The bug has been fixed and merged into the kernel of Linux distributions running 4.19 or later.

However, in reading the kubernetes issue, we can see that various Linux projects have been referencing this issue, so I guess some Linux distributions still have this bug and are working on integrating a fix. and are working on integrating a fix.

If your Linux distribution has a kernel version lower than 4.19, I suggest you upgrade to the latest Linux distribution for your node, but in any case, you should try to remove the CPU limit and see if there are any limitations.

6. Summary

Monitor your containers for poor performance due to throttle, if it does happen, it is best to solve it by upgrading the kernel version in batches, if that is not possible, you can do the following.

unrestricted (personally, I don’t think this is a good idea)

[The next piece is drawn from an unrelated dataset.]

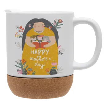 Cute mother reading book, happy mothers day, Κούπα, κεραμική με βάση φελού και καπάκι (ΜΑΤ), 330ml

  • Pods with performance requirements are scheduled to nodes with specific taint.
  • Remove CPU limits for these Pods, consider adding limits at the namespace level.

add resources

Also CPU throttle throttling is mainly due to lower CPU limits. Its limits affect the behavior of Cgroups. Therefore, a quick solution to this problem is to increase the limit by 10-25% based on monitoring to ensure that spikes are reduced or avoided altogether.

Auto Scaling

Because setting CPU requests and limits to the same value usually gives people the behavior they expect, a simple solution to this problem is to set CPU requests and limits to the same value and add an HPA that allows Pods to automatically scale up and down based on load.